Tintoretto, Paradise, about 1588. Museo Nacional Thyssen-Bornemisza
• A few years after Getty's death the museum was offered a 16-foot-wide Tintoretto oil sketch of Paradise. Zeri vetoed the purchase, objecting to the lack of provenance. "It had come from Switzerland and perhaps Zeri knew something about its history that he did not reveal." Baron Thyssen bought it, and it's now in his Madrid museum. 
Tiepolo, The Triumph of Virtue and Nobility Over Ignorance, 1740s. Norton Simon Museum
• Not a few masterpieces now at the Norton Simon Museum or the Met (via the Wrightsmans) were also offered to Getty. He passed on the Simon's great Tiepolo ceiling painting (Getty said he didn't care much for Tiepolo). Getty's curators didn't dare pitch the Zurburan Still Life With Lemons, knowing it would be too expensive. 

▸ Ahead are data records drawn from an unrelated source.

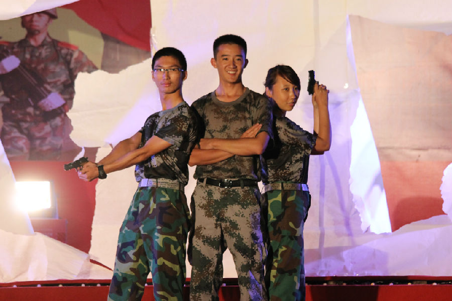 的男生参加,他们标准帅气的持枪动作,敏捷机警的掩护动作,还引来了场边女生的阵阵尖叫。
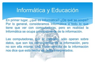 El documento define la informática aplicada a la educación como una rama de la pedagogía que se encarga de incorporar herramientas informáticas a la educación. Esto implica enseñar a estudiantes y docentes a usar dichas herramientas. La informática aplicada a la educación se centra en el uso de las herramientas más que en su creación, considerándolas como una herramienta pedagógica para educar en informática y utilizar aplicaciones educativas.
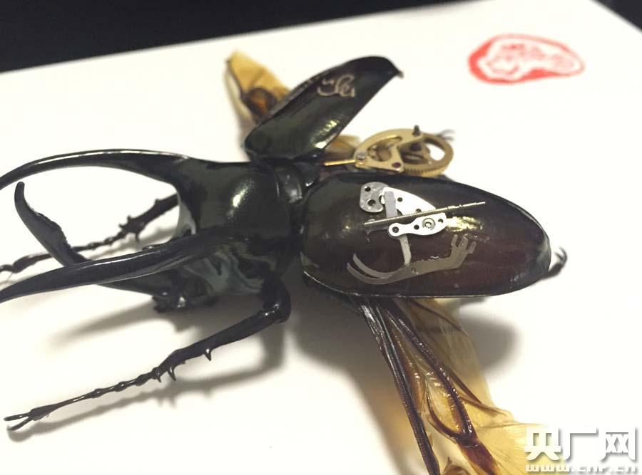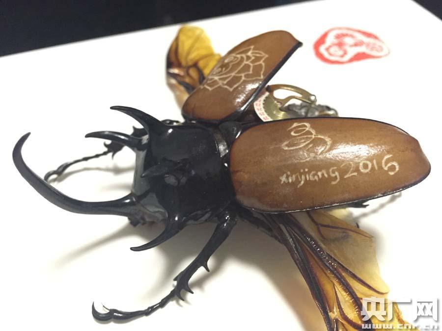 馬馳使用的蟲子標(biāo)本是來自泰國的兜蟲,就是咱平常熟悉的金龜子。由于翅膀上有一層蠟質(zhì)油跡,不僅表面光滑,字墨也難以沁入。他說:“它在轉(zhuǎn)動起來的時候,特別容易滑動到其他的位置,所以手一定要特別的穩(wěn)!

Later Norton Simon hinted that he might willing to sell his entire art collection to the Getty, at the right price. Fredericksen was assigned to set a fair price for the Simon collection. His estimate was $231.5 million. "I cannot say whether it was the apathy of the trustees or the reluctance of Norton Simon that ultimately defeated the idea. I do know that [Otto] Wittmann was opposed, because while discussions were still under way he told me he thought the Simon collection was overrated, and not the sort of thing we should be buying."
Jacopo Bassano, The Flight Into Egypt, about 1544-45. Norton Simon Museum
• Fredericksen brutally sums up Getty's collecting (and his own directorship) this way. In 1969 Norton Simon bought "one of the most beautiful Venetian paintings to enter an American collection," Bassano's The Flight Into Egypt. Simon's price, nearly $400,000, was way out of Getty's cheapskate league. Writes Fredericksen: 

"We were pathetic bunglers by comparison: an old man with less than a decade to live, whose inability to spend his hard-won resources prevented him from living up to his vaguely perceived goals [Getty]; a middle-aged scholar who was allowing his need for money to corrupt his best principles [Zeri]; and an inexperienced and under-qualified curator who was only gradually coming to understand the issues involved and was incapable of resolving them [Fredericksen himself]."

Comments

Anonymous said…
Here is a panel discussion with Fredericksen himself. He's joined by two other associates of Mr. Getty who were there at the beginning:

https://www.youtube.com/watch?v=4D6Ti0-Sx30&t=3035s

There's also this lecture which documents how William Randolph Hearst influenced Mr. Getty's collecting:

https://www.youtube.com/watch?v=3bbkUebHXN4

Hearst Castle historian Victoria Kastner presented the lecture at the Getty. If you don't want to watch the entire lecture, skip to this part on Mr. Getty's first visit to San Simeon: https://youtu.be/3bbkUebHXN4?t=1873

The statue (Hope Athena) mentioned therein is now at LACMA (a gift of Mr. Hearst).